Et il y a aussi le morceau éponyme, qui enchaîne superbement les passages envoûtants et cogneurs. Cela nous rappellera même, plus tard, les Megadeth et autres thrashers assagis (sans rire, hein : un des morceaux vous rappellera l'ambiance présente sur Countdown to Exctinction), limite rock, et pouvant rebuter les extrémistes des deux premiers albums (surtout le très bon "Inner Combustion", bienvenue dans la SF hard rock années 80). Cette fois, le groupe avait visé très haut en variant les structures en arpèges ou des parties plus agressives (notamment sur le redoutable "X-Ray Mirror", et sa fin correspondant bien à l'ambiance dingue). Et puis il faut revenir sur le rôle de la basse, notamment sur le morceau "Into My Hypercube", nanti d'une impression de fausse balade avant de relancer la machine de guerre virtuelle, plus inquiétante encore qu'une version améliorée du W.O.P.R ou de HAL9000. Et bien sûr, il ne faudrait pas oublier des plans metal un peu plus classiques, ne préfigurant en rien Angel Rat, plus hard rock. Le disque s'achève, bien heavy et gardant l'ambiance cyberpunk, sur "Sub-effect". Snake réussit a conserver une certaine force dans son phrasé. Et ce, quand bien même ce chant "par les trous de nez" exigera de la part des auditeurs un temps d'adaptation qui fera reconnaître les guerriers de Korgull des autres.
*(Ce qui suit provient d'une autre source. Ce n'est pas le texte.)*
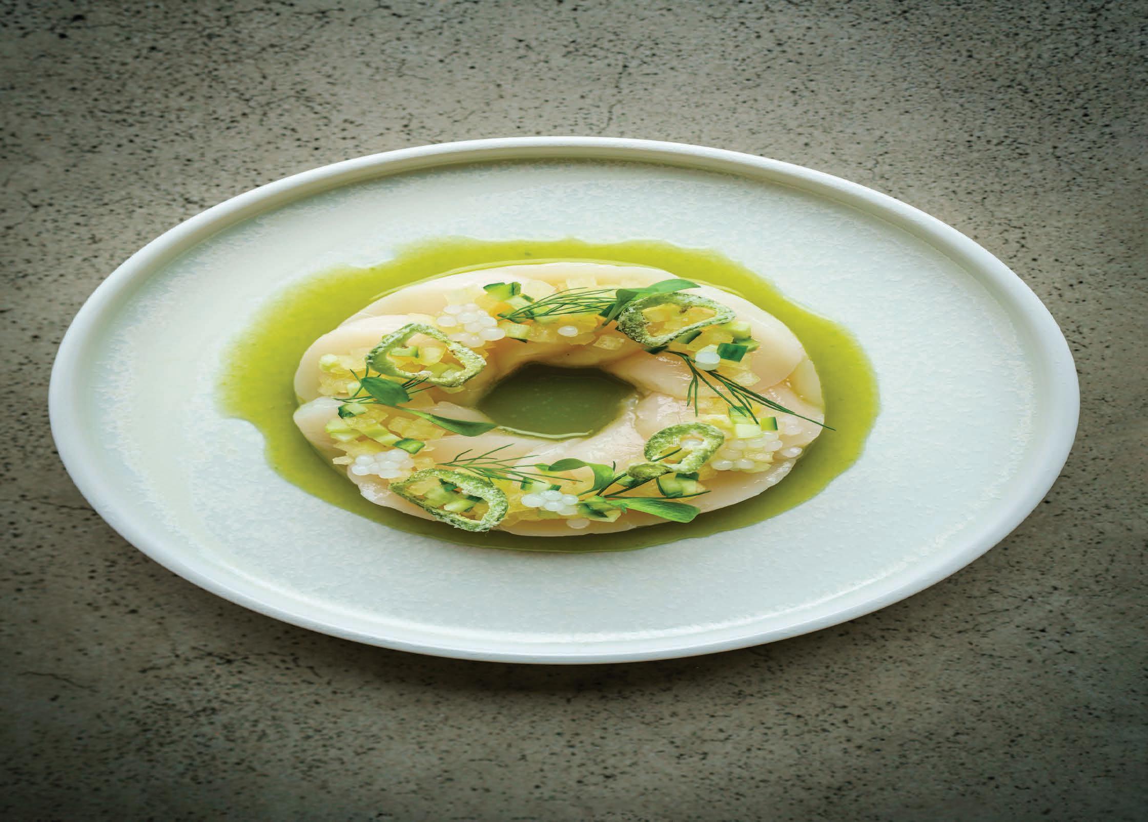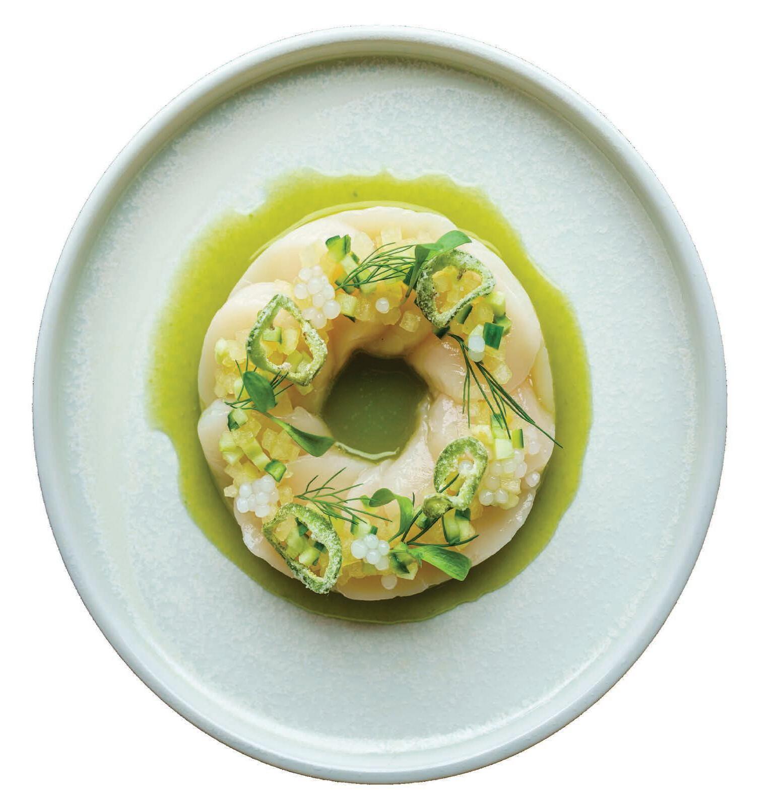 Majestic Mollusks Hokkaido scallops with apple, cucumber and crispy jalapeño ($27) from Bravo, one of Vancouver's newest (and buzziest) spots for seafood. Read more on page 58.

Sans le savoir, il est certain que Voivod préfigure un temps où les grand du thrash proposeront un metal virtuose, tels les Seasons in The Abyss, Rust in Peace, et surtout Grin, même après l'album très abouti de Metallica, And Justice for All. Mais Voivod a(vait?) un style presque inimitable (si ce n'est par des groupes comme, actuellement, Vektor qui fait du thrash avec sa propre identité), ne donnant pas l'impression de faire à chaque fois le même album. Et il témoigne de la volonté de faire progressif sans perdre le coté féroce et tapageur du metal en général. Si vous voulez du bon thrash, avec des parties rock, cet album fera bonne place, à n'en pas douter. Pour ceux qui préfèrent ce genre de metal avec une ambiance plus heavy (mais toujours portée sur la science-fiction), The Outer Limits sera davantage recommandé . En tout cas, un indispensable pour les fans du groupe et du metal canadien de l'époque, avec D.B.C (qui sortit Universe la même année, axée aussi sur la science mais pas la fiction, disaient-ils), Slaughter ou Infernäl Mäjesty.